桜色の花びらがまるで筝の音に惹かれたかのように、袿の上に一枚、ひらりと舞い降りる。それを合図に、筝から指を離した途端にあがる感嘆のため息。
「姫様が奏でる筝の音は本当にお美しいですわ…」
まわりにいた女房の一人が音の余韻に酔いしれたような声を上げる。
「えへへ、ありがとう。でも、まだまだだよ」
褒められて恥ずかしくなった私は袖口を口元にあてて、照れ笑いを浮かべつつ呟く。
「そんなことはありませんわ、姫様。あの頃に比べたら本当にお上手に弾けておられますわ」
私に仕えている女房の中でも、幼い頃から仕えてくれていて、筝の先生でもある雪柳がにこりと微笑む。

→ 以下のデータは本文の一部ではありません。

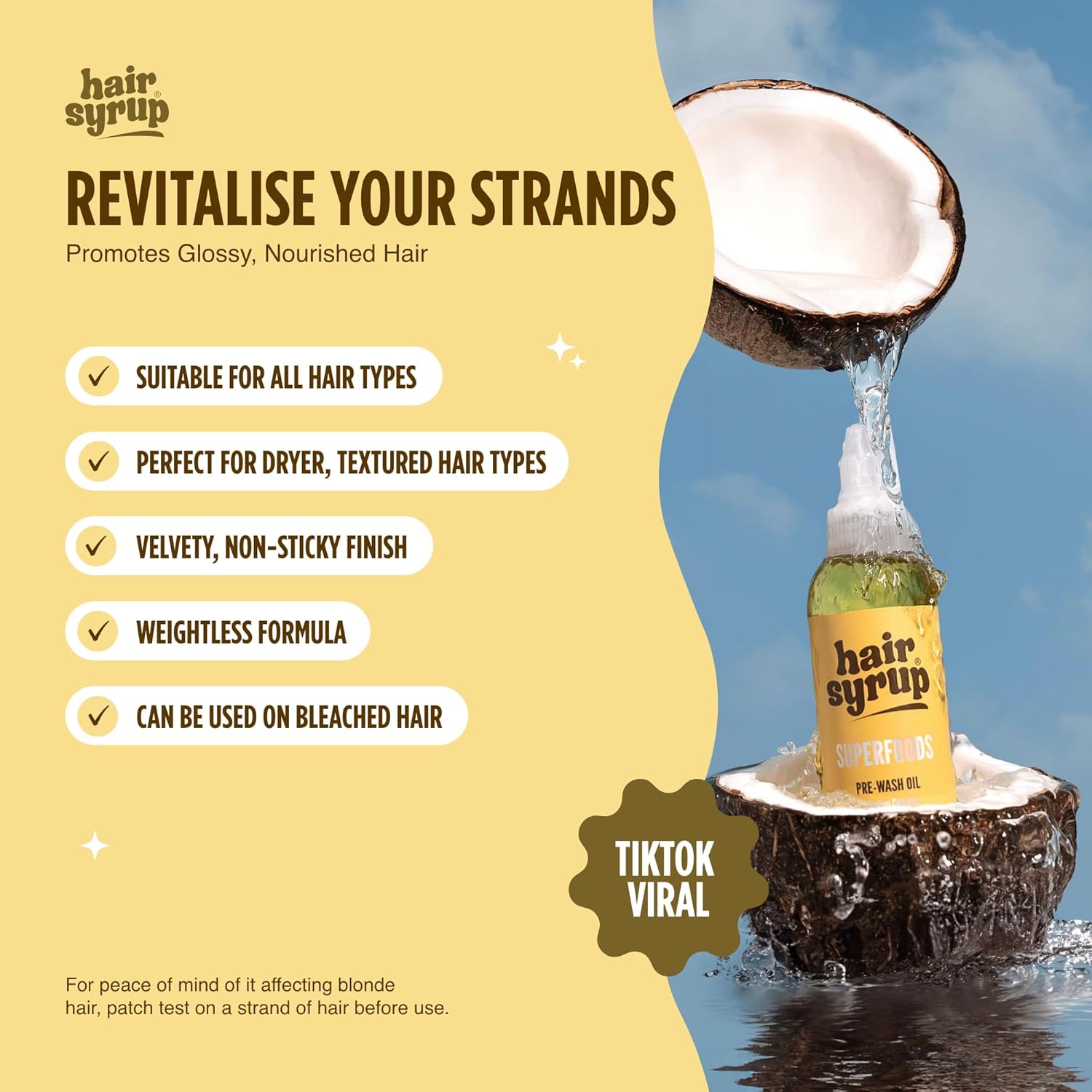 Hair Syrup | Superfoods Pre-Wash Hair Oil | Enriched With Coconut, Kiwi & Line | For Damaged, Dehydrated Hair Needing Tlc | 12 Nutrient-Rich Ingredients | 100% Natural | 300Ml Pump Bottle Applicator

「そう、かな…、でも姉さまの筝の音には敵わないわ…」
そう自分で呟いて、胸がきゅっと締まる。とうの昔から敵わないと知っていても、”いつか”という願望を捨てなれない私。
そんな私の表情をみてか、雪柳(ゆきやなぎ)が口を開く。
「姫様。姫様には姫様の、奏子(かなこ)様には奏子様の音があるのです。その音を大事に、姫様の“音”を奏でてゆけばいいのです。音は心なのですから」
「雪柳…、…ありがとう」
私の言葉に雪柳やまわりの女房たちみんなが優しく微笑み返してくれる。心の中に温かいものを感じながら、再び筝に触れようとしたとき、衣擦れの音が聴こえ、手を止める。
衣擦れの音が止むと、姉に仕えている女房が一人、姿を現す。